India has signed agreement with Switzerland for automatic sharing of tax-related information from January 1, 2018 with an aim to combat black money.

Prior to it, India had to ask Switzerland for specific bits of information against the Indian account holder in Swiss banks. But due to its earlier secretive laws it could delay or deny information altogether.

Background

Switzerland always has been at centre of debate on black money allegedly stashed by Indians abroad. It is infamously known for very strong secrecy walls around its banking practices till few years ago. In recent past, huge global pressure has resulted in Switzerland relenting on tough secrecy clauses its local laws gave to banks.

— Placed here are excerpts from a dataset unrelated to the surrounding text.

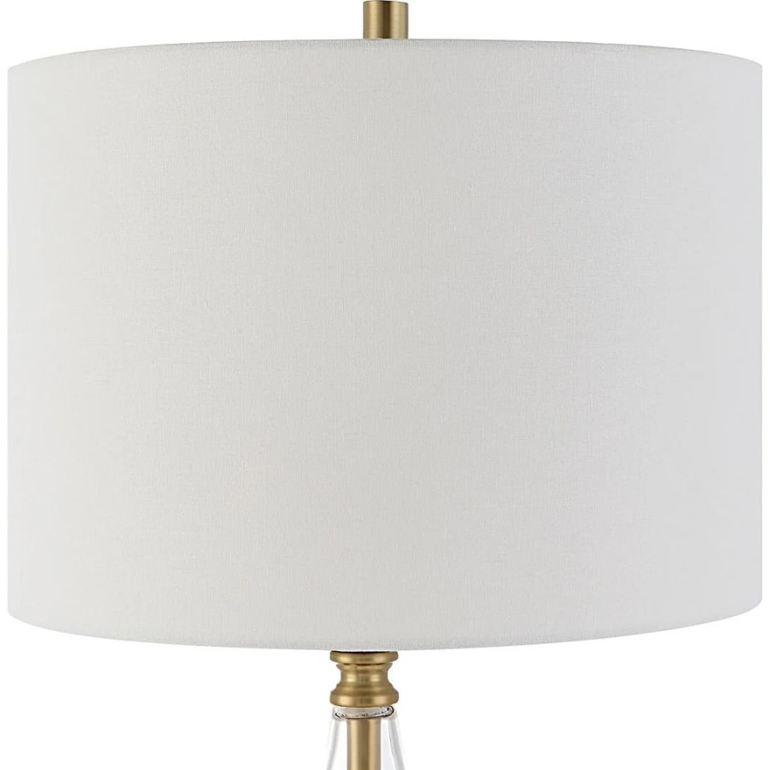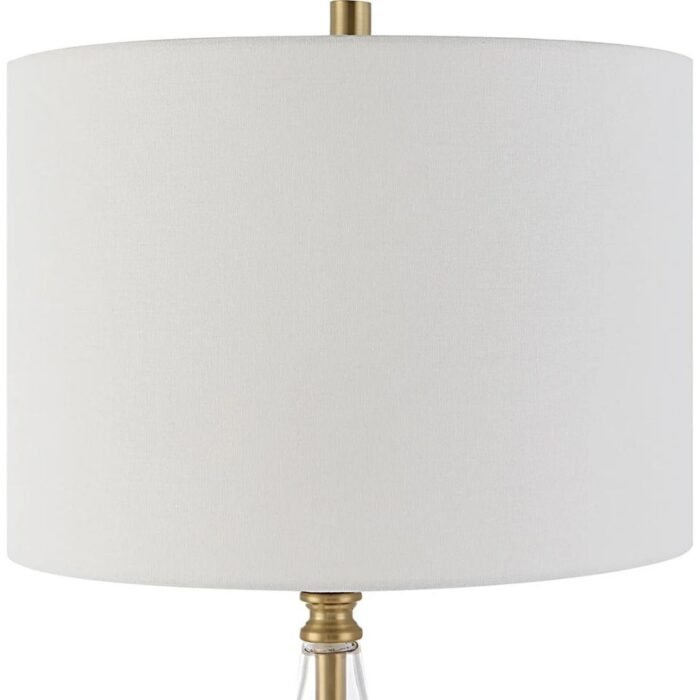Topped with a 14″ round hardback shade crafted from white linen with subtle slubbing, the lamp softly diffuses light to create a warm, inviting ambiance—perfect for bedrooms, living areas, or workspaces. The antique brass finish adds a rich, golden glow, making it an ideal accent piece for those seeking understated luxury.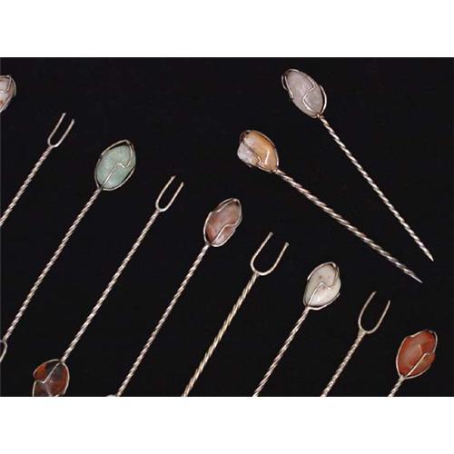 Lovely set of silver and polished, semi-precious stones cocktail picks, 14 units in total. These hand-crafted items are unmarked but are usually made of silver, not silver plate. In good used condition as shown. Please ask questions, request additional photos and shipping costs before buying.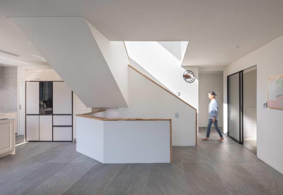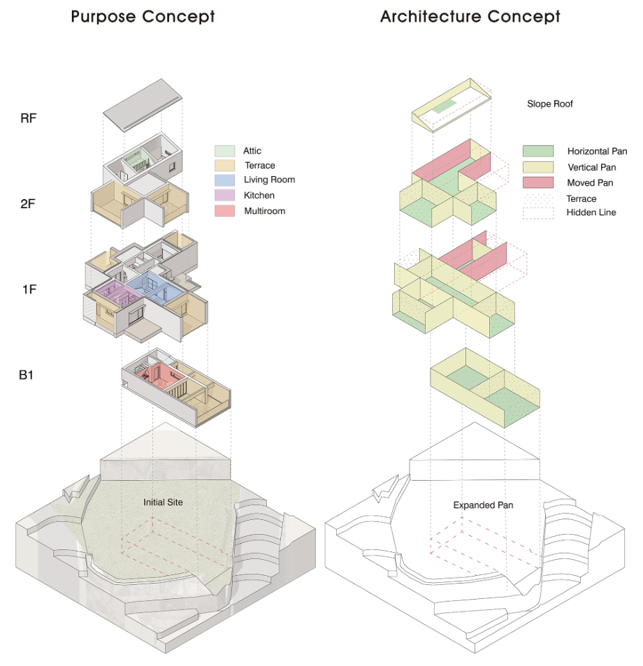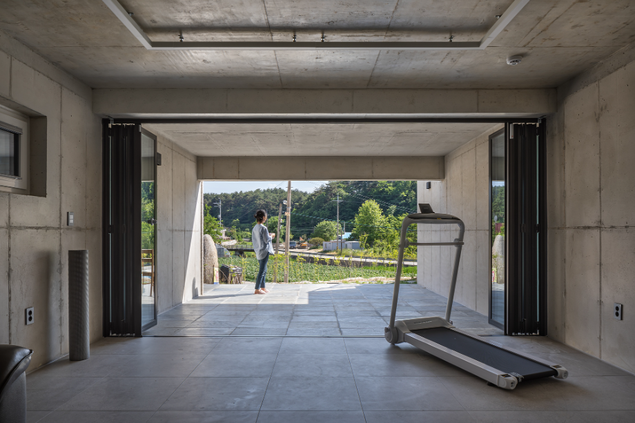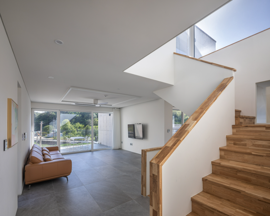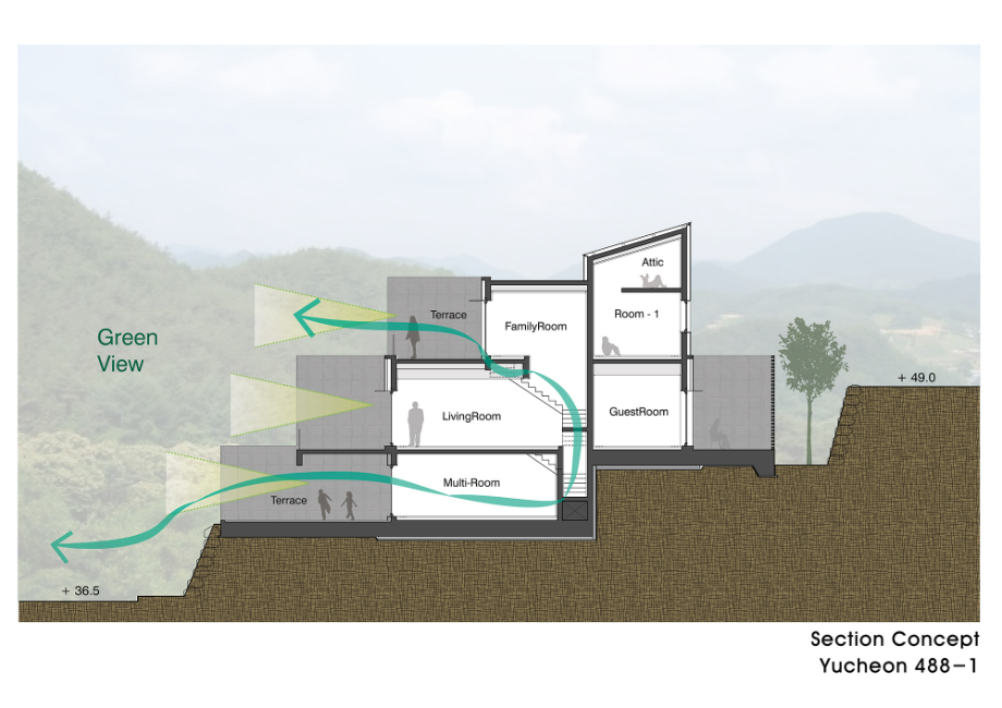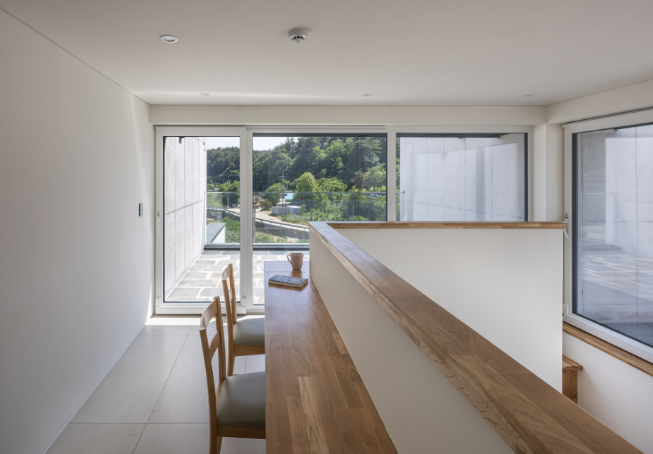 1층은 거실과 주방 등의 가족들이 사용빈도가 높은 공간으로 2층은 아이 둘을 위한 공간으로 배치했다. 획일화되고 건폐율이 낮은 자연녹지여서 부속시설 등의 여분의 공간을 마련하기에는 너무 협소하여 남쪽 석축 한 면을 제거하여 지하층이지만 외기와 한 면이 접하고 위촌천을 바라볼 수 있게 판을 아래로 내려 다용도 작업 공간을 확보했다.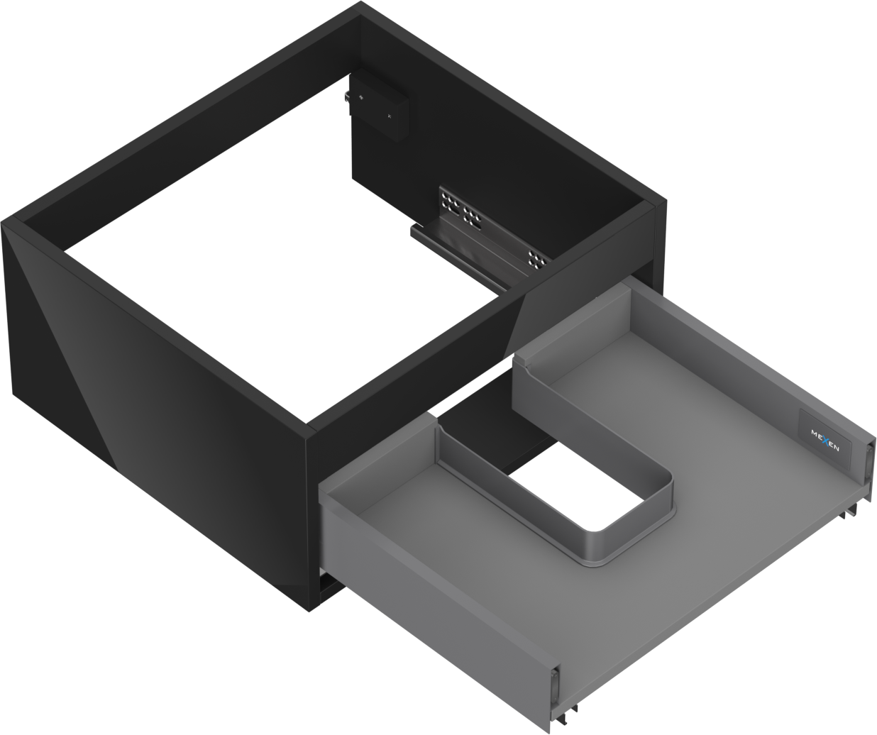 Výřez v zásuvce je navržen tak, aby pojmul sifon, který je nezbytný v instalacích umyvadlových. Díky tomu může být nábytek plně funkčně namontován, aniž by bylo nutné vzdát se prostoru v zásuvce ve prospěch instalace.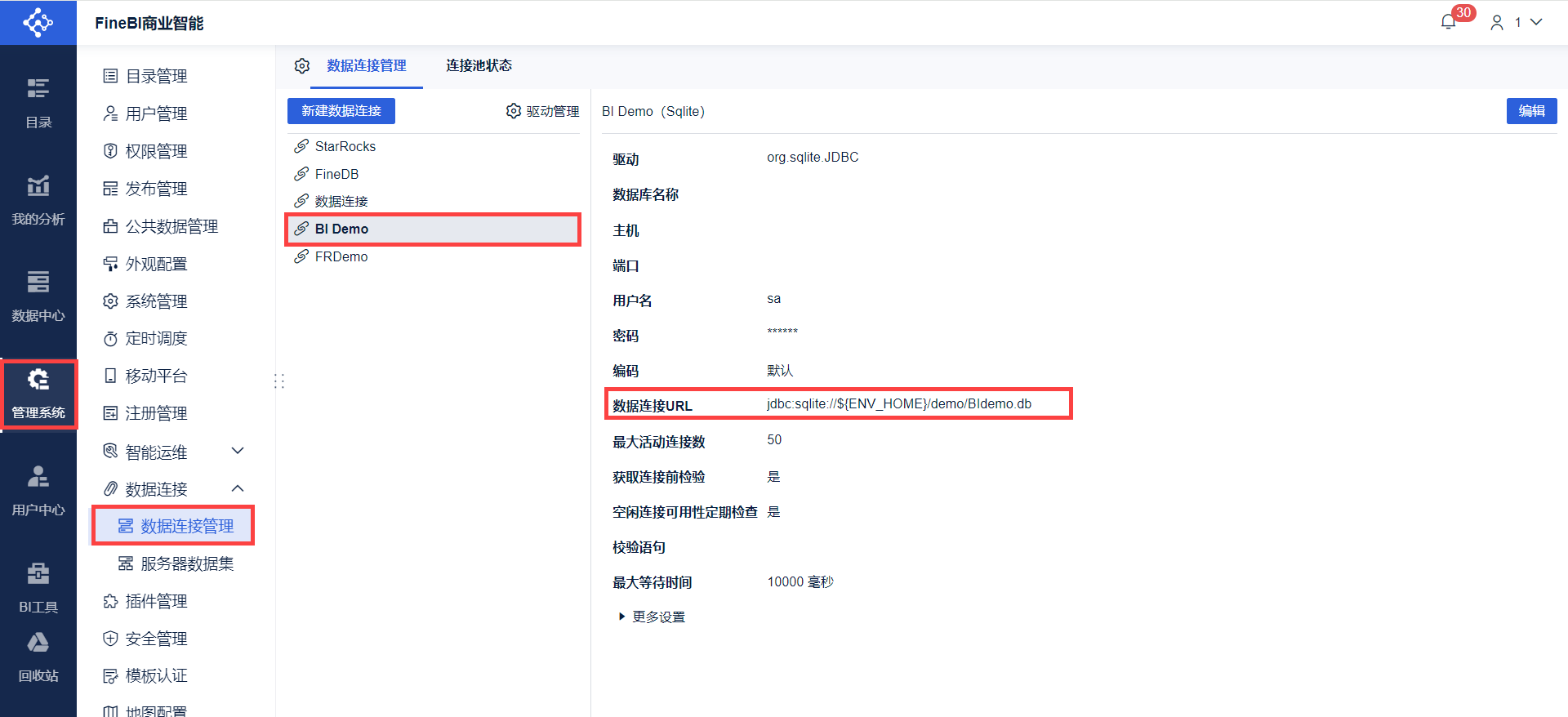 查看后台报错日志,检查是否是数据库驱动与 BI 之间有 JAR 包冲突。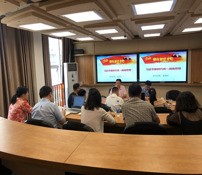 首先,学院党总支组织与统战委员、副院长侯茂章同志给全体党员上了题为“习近平新时代统一战线思想”的党课。侯茂章在回顾我党统一战线发展历史的基础上,从指导思想、宏伟目标、战略地位、主要特征、工作方针和工作的根本方法等方面,系统地阐述了习近平新时代统一战线理论,并提出认真做好学院统战工作,欢迎党外人士为学院发展献计献策。 随后,彭金波领学了习近平“在中央政协工作会议暨庆祝中国人民政治协商会议成立70周年大会上的讲话”精神。他指出,学院统战工作是党建工作的重要内容,对于学院各项事业发展的重要作用,我们要提高思想认识,要从协调推进“四个全面”战略布局、维护意识形态安全的高度,把握形势,加强队伍建设,开创学院统战工作新局面。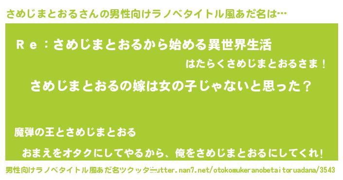 | 女子向けラノベタイトル風あだ名 | 『さめじまとおる様がみてる』 |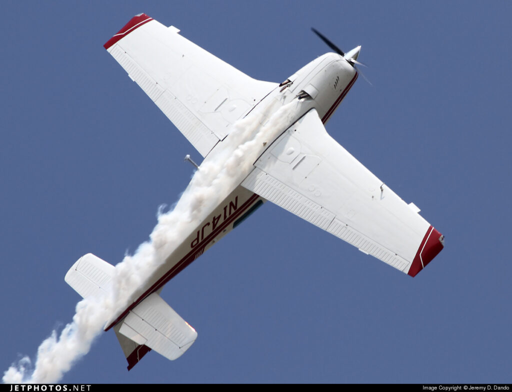 O N14JP, praticamente invertido, durante Oshkosh 2014. Foto: https://www.jetphotos.com/photo/7890833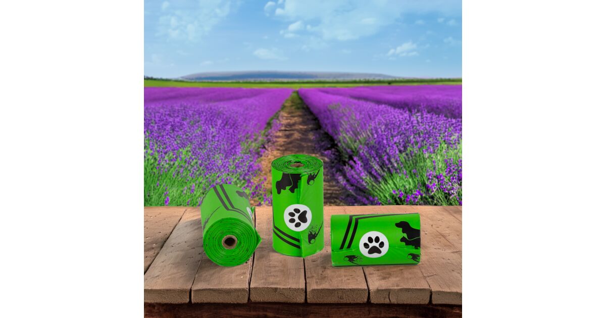 Kutyapiszok zacskó, Biológiailag lebomló – Levendula Illattal | 8 tekercs | 160 zsák, TÜV, 23*33cm

The signing of agreement comes after completion of parliamentary procedure in Switzerland for changing domestic secretive banking laws and signing of mutual agreement between India and Switzerland. Both countries in November 2017 had signed a joint declaration for the implementation of Automatic Exchange of Information (AEOI). It provided that both countries will start collecting data in accordance with global standards in 2018 and exchange it from 2019 onwards. The AEOI conforms to norm set by Organisation for Economic Co-operation and Development (OECD) for tax transparency.

Significance

Under the automatic information exchange framework, confidentiality and data protection requirements is to be strictly followed. This process will ensure that signatory always maintains control over its exchange partners and treatment of data exchanged as per OECD norms. The automatic exchange of information will discourage Indians from stashing black money in Swiss banks.